═══ Source data ═══
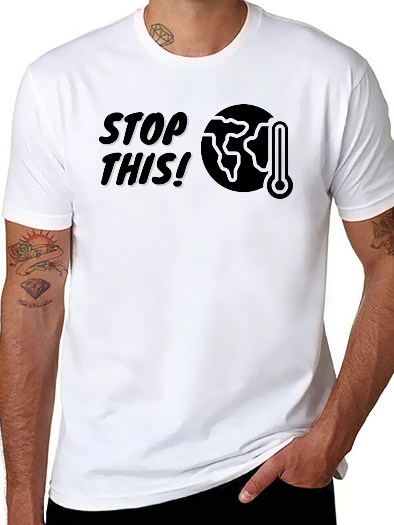 Make a statement with this bold, black t-shirt. Featuring a powerful message against global warming, the shirt displays the text "Stop This!" alongside a graphic of the earth with a thermometer, emphasizing the urgency of the climate crisis. Made from a soft, comfortable fabric, this tee is perfect for everyday wear and shows your support for environmental awareness. The classic fit makes it a versatile addition to any wardrobe. Wear it to protests, rallies, or simply as a daily reminder to make eco-conscious choices. This t-shirt is a great conversation starter and shows that you care about our planet. Available in various sizes.
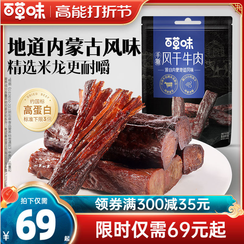 百草味风干牛肉500g原味内蒙古风味手撕牛肉干解馋露营小零食
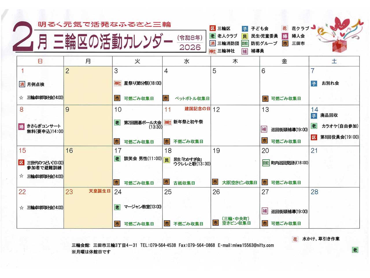 トップページニュース2026年2月 活動カレンダー投稿: 2026年1月27日令和7年12月 市指定ごみ袋(家庭用)がない場合のごみ出しについて投稿: 2025年12月19日令和8年 きさらぎコンサートのご案内投稿: 2025年12月19日2025年12月活動カレンダー投稿: 2025年11月28日2025年 秋祭り投稿: 2025年11月23日
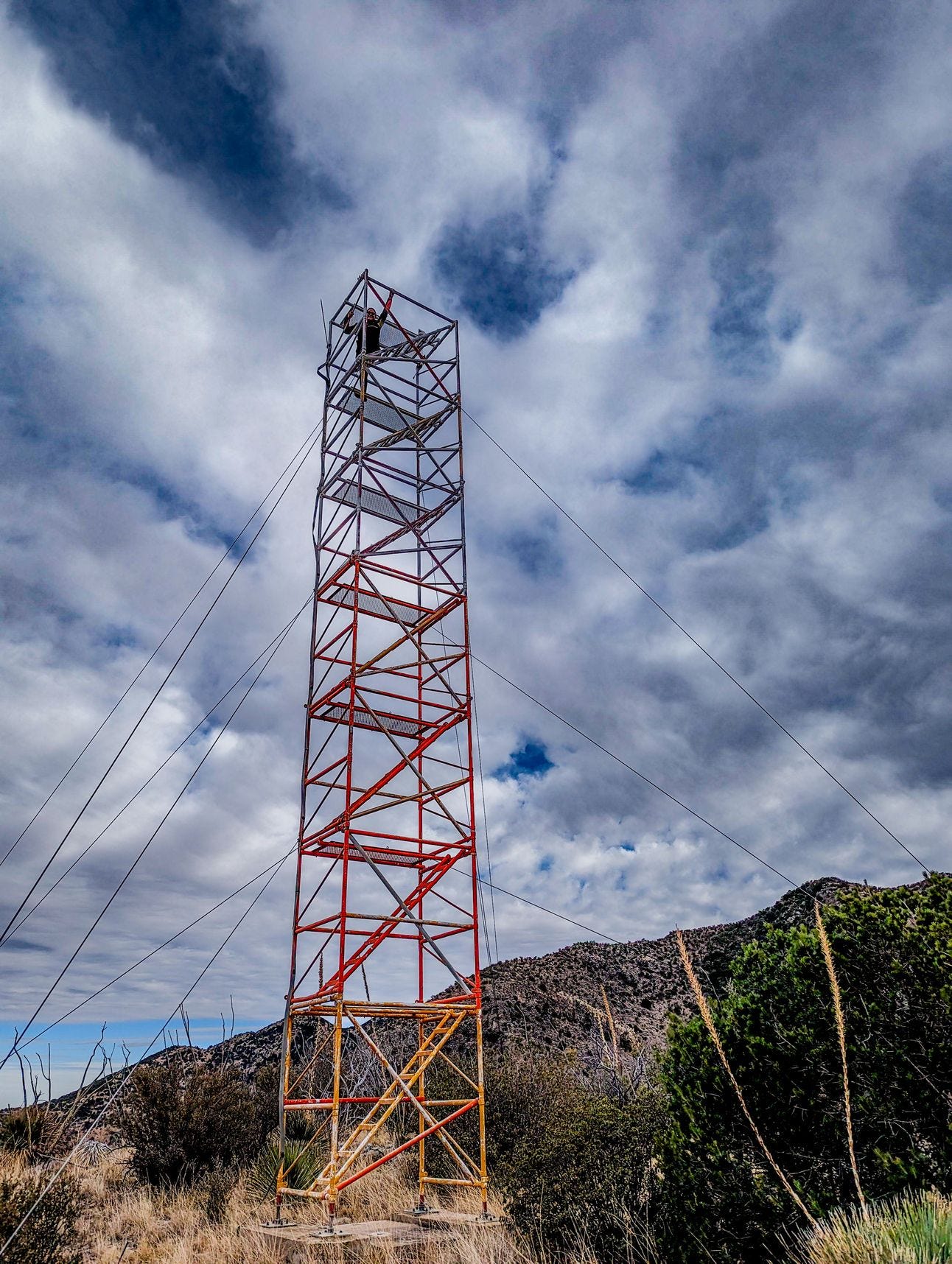 Also, about halfway up the trail, Kelly had spied this tower just to the left of our destination. She told me that if there was a path, and no “no trespassing” signs she was going to climb it. I knew better than to object. And climb it she did …
═══
#### To do:
Needed here is a verbatim copy of the data from the first line through the line with "百草味风干牛肉500g原味内蒙古风味手撕牛肉干解馋露营小零食", without pictures.

#### Response:
 Make a statement with this bold, black t-shirt. Featuring a powerful message against global warming, the shirt displays the text "Stop This!" alongside a graphic of the earth with a thermometer, emphasizing the urgency of the climate crisis. Made from a soft, comfortable fabric, this tee is perfect for everyday wear and shows your support for environmental awareness. The classic fit makes it a versatile addition to any wardrobe. Wear it to protests, rallies, or simply as a daily reminder to make eco-conscious choices. This t-shirt is a great conversation starter and shows that you care about our planet. Available in various sizes.
 百草味风干牛肉500g原味内蒙古风味手撕牛肉干解馋露营小零食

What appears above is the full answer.